Wistful traveler contemplates values of train use

April 4, 2014

This may be a large assumption on my part, but I believe that most people have seen or at least heard of the TV show “The Big Bang Theory.”

If you are one of those people, the show is a comedy about the interactions between a group of smart but nerdy guys. One of these nerds is named Sheldon and, as any fan of the series knows, Sheldon loves trains.

I recently took a trip to Japan and discovered how convenient trains are. One thing I appreciated about the trains in Japan, which I heard is not true in other places such as Europe, is that the trains are almost always on time. On longer trips, you did not even need to pay attention to the stops, only to the time of arrival.

Now as fun as these railway trips were, they inspired a desire to have something similar here. Now do not think I am misinformed, we do have trains here but not even close to as many as there seemed to be in Japan, especially when you think in terms of density.

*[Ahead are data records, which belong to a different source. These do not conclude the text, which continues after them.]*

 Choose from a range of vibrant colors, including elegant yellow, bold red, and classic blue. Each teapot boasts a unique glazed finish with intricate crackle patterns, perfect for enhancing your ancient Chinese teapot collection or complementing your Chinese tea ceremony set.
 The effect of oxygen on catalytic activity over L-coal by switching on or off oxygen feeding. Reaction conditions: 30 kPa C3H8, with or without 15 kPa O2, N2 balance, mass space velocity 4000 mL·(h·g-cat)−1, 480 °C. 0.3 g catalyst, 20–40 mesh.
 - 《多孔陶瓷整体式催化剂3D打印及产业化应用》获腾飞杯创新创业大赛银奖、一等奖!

Imagine this before you argue about how awesome a train system would be: you have a relatively free weekend so you decide to go somewhere. You walk a few blocks to a nearby station and from there you only have an hour’s trip to the Twin Cities or to any number of other cities. All for one reasonably priced ticket.

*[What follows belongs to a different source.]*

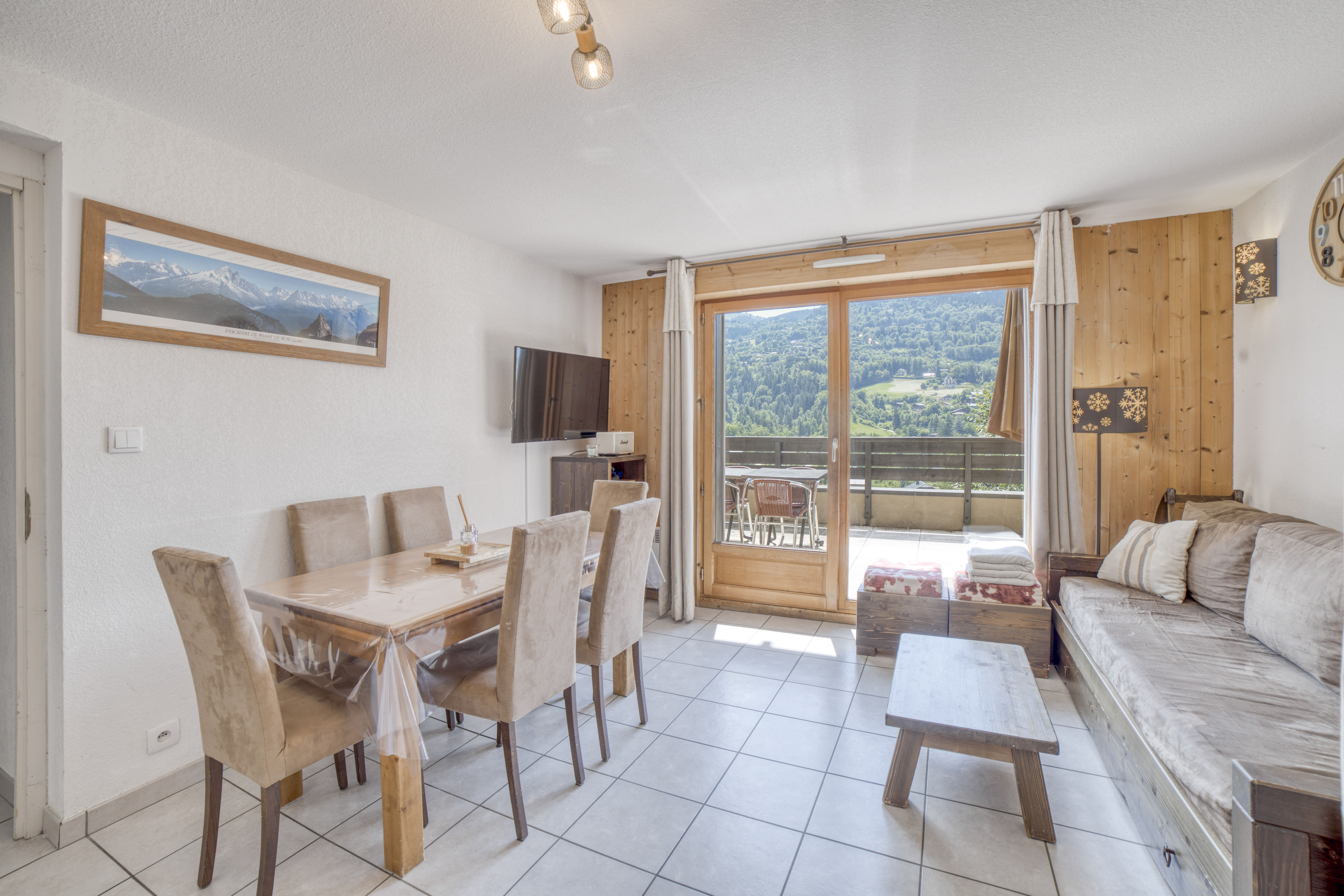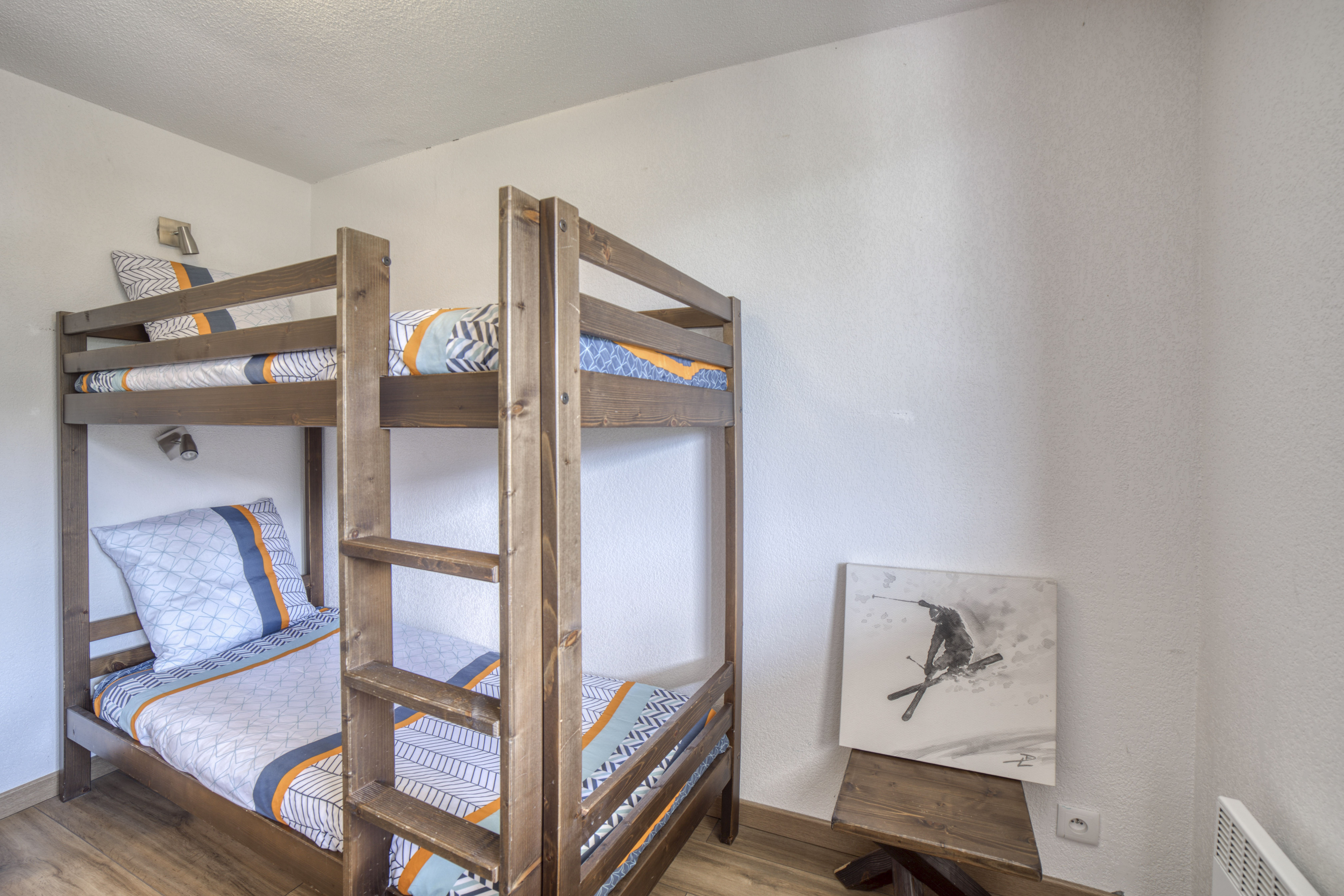 Duplex familial de 65 m² à Saint-Gervais-les-Bains, résidence calme avec piscine intérieure chauffée, 6 voyageurs, 3 chambres et 2 salles de bain.

Maybe those with cars would disagree about the usefulness of trains as a means of travel but frankly it sounds like a simple way to get around. With gas prices increasing and environmental concerns continuing, more public transportation is not a bad thing to invest in.

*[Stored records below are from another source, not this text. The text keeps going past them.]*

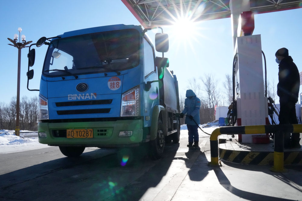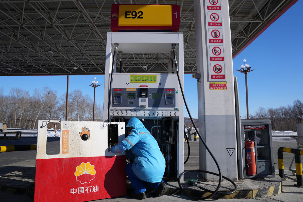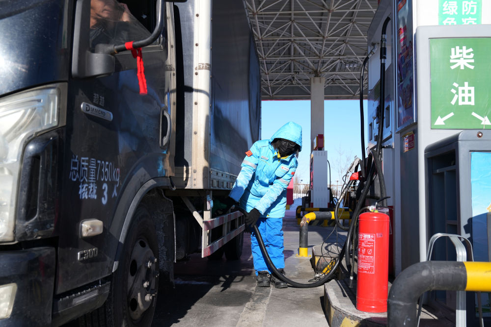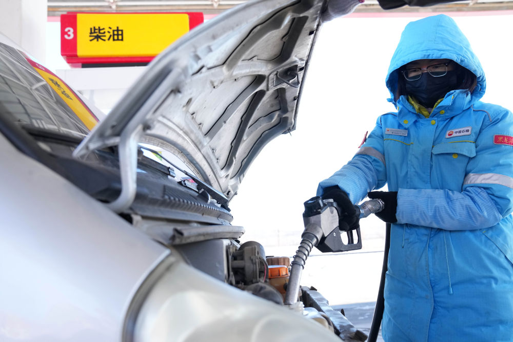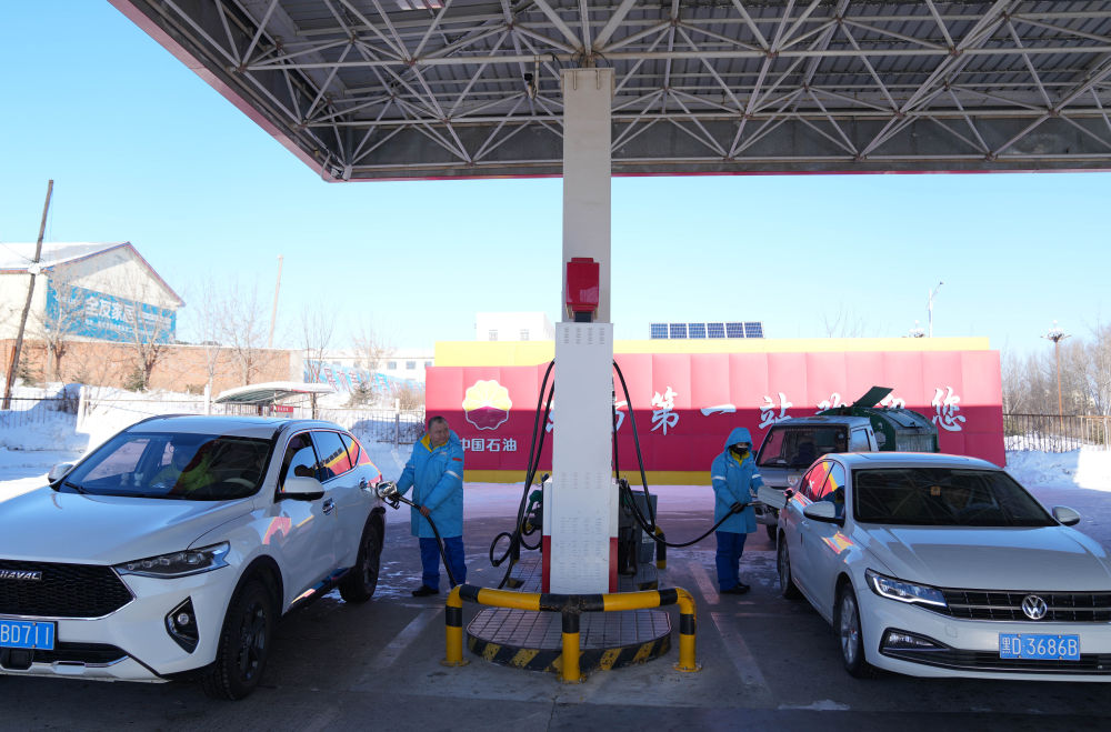 2月2日,中石油黑龍江撫遠東方第一加油站的員工給車輛加油。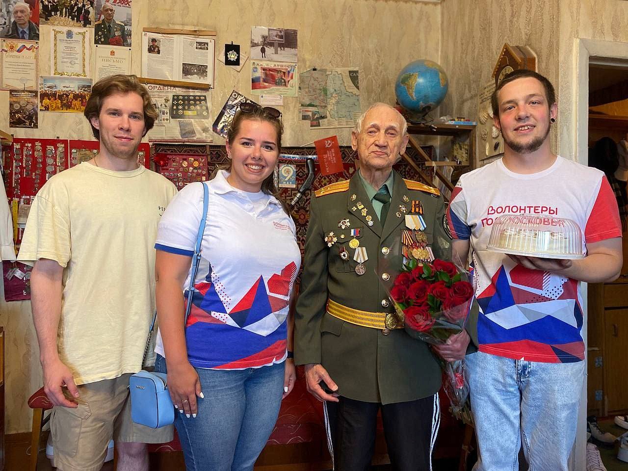 С 97-летием фронтовика поздравили подольские волонтёры.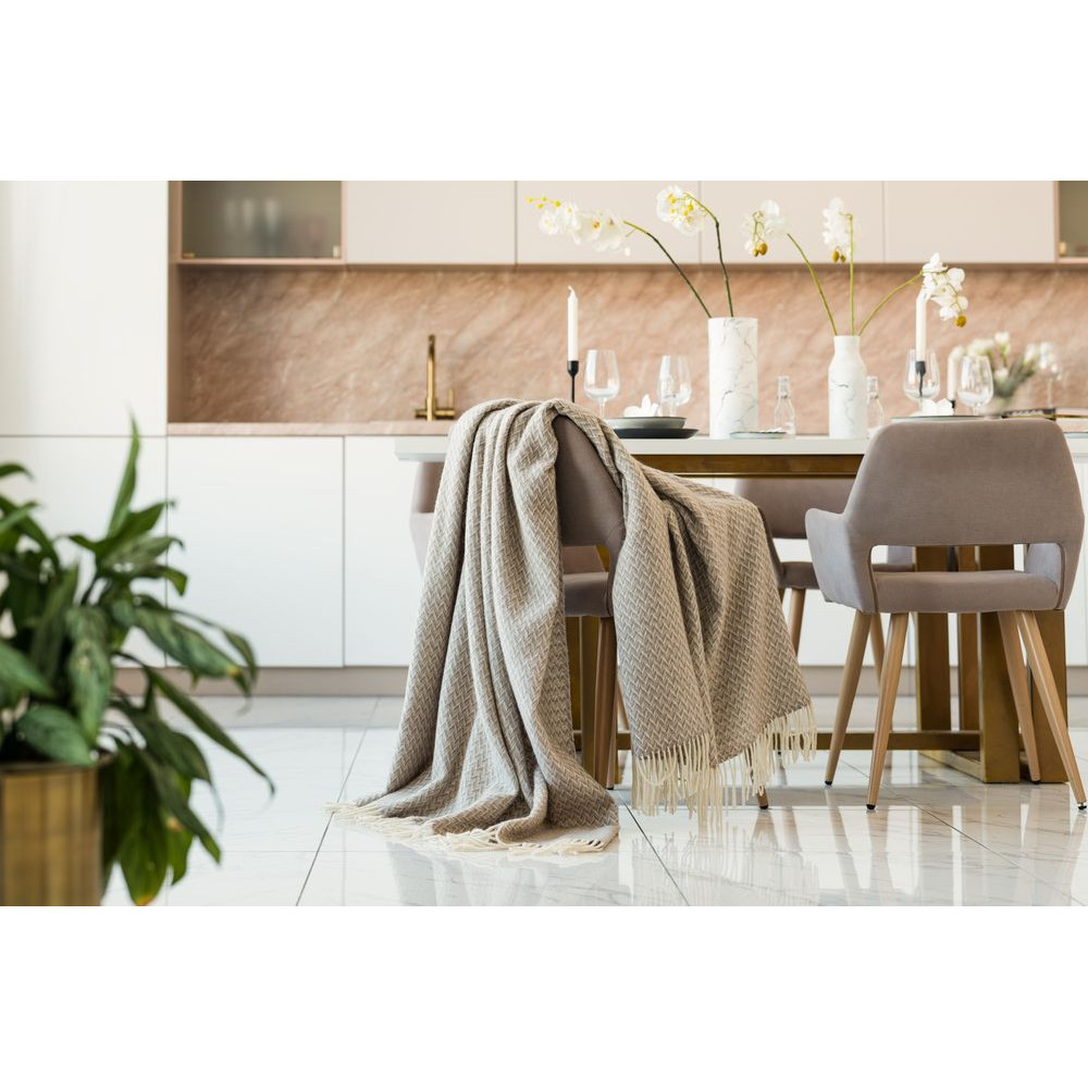 Плед с бахромой «Селигер» приглушенного пастельного оттенка из натуральной новозеландской шерсти — это возможность без лишнего пафоса пожелать процветания и благополучия своему деловому партнеру.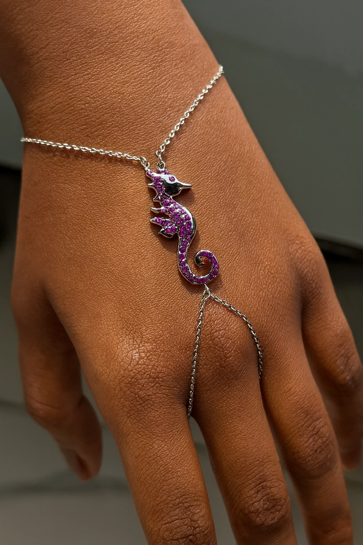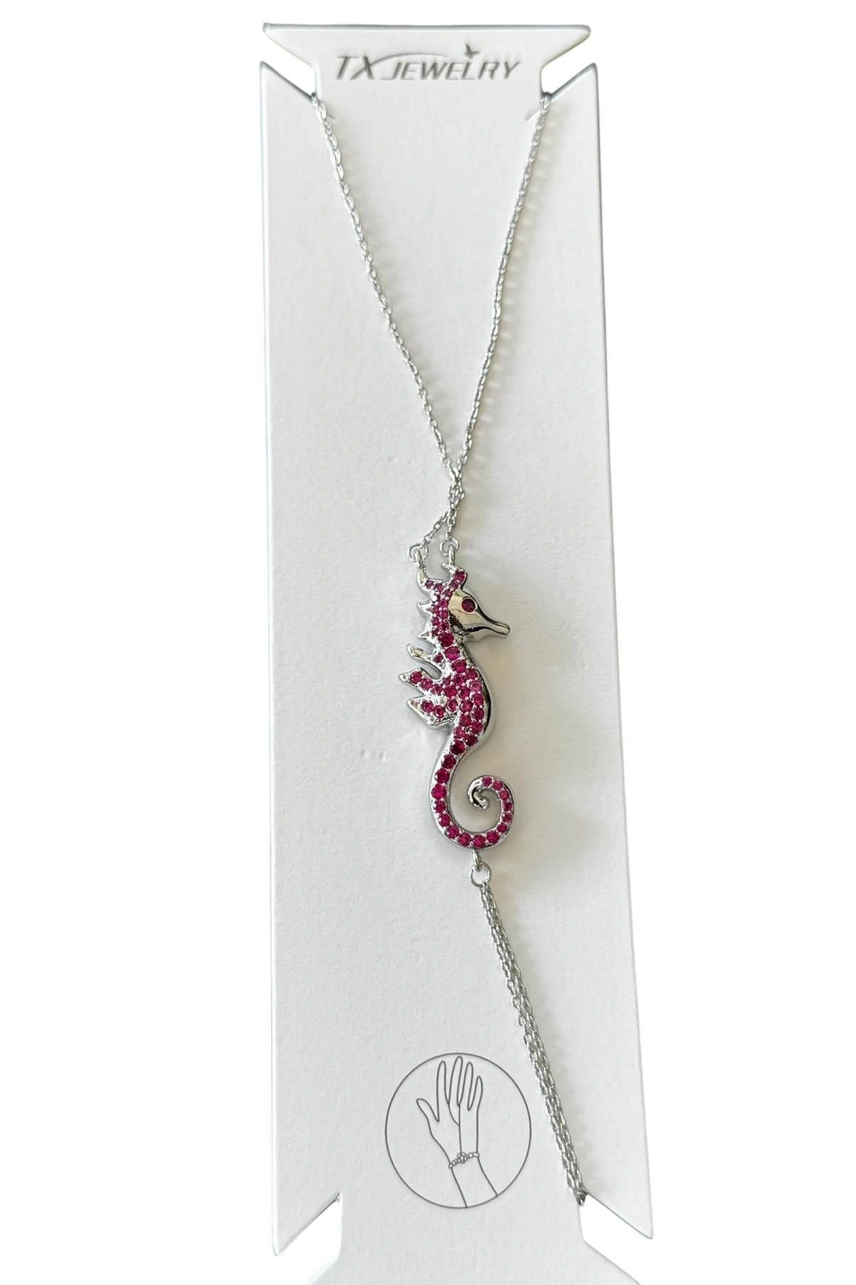 Gümüş Renk Deniz Atı Figürlü 14K Altın Kaplama TX Şahmeran

So here is what I propose: several train lines that loop around smaller towns and connect to the cities. There would be several trains per line so that a train would stop at a particular station at least once per hour.preferably at the same time each hour but that is probably hoping for too much.

Inside the Twin Cities there would be another loop that covers the main city areas. Tokyo had a train at each station at 2 minute intervals with a total city loop taking about an hour. We would not need that many trains because the Twin Cities does not have as many people to provide transportation to. A fairly regular train with a short interval would be useful for all the people who live and work in the area.

Now I realize this may not be the most practical plan, as I am not an engineer, but it would still be a useful system for those who wanted to ride the trains.

For example, if one weekend a group of friends wanted to go have fun in the city, they would not need to worry about driving home safely. The train could get them from point A to B and back again with little trouble. Those with small children could have a relaxing day if they traveled by train.

Not only would the youngsters be entertained by the train but the caretakers would not have to deal with the frustrations of folding up a stroller or driving in inner-city traffic. The train could take them to a park or museum. Finding a convenient parking spot would no longer be an issue.

Maybe it is the wistful traveler talking, but I believe a series of trains throughout Minnesota and Wisconsin would be a positive investment for the economy, environment and our connection as people of the Midwest. Expand the vision to encompass the whole United States.

Japan has the Shinkansen, or the Bullet Train. Europe does too. So why don’t we? Frankly, since we are a larger country, we could use it more. Think of traveling from Minnesota to Chicago in under 3 hours, racing across the country side at over a hundred miles per hour. It would truly help unify the country if that type of fast and inexpensive transportation was readily available to the public. Think about it. Trains racing across the United States.

As Sheldon Cooper would say, “We’re not flying; we’re taking the train.”

Rachel Molitor is a student at UW-River Falls.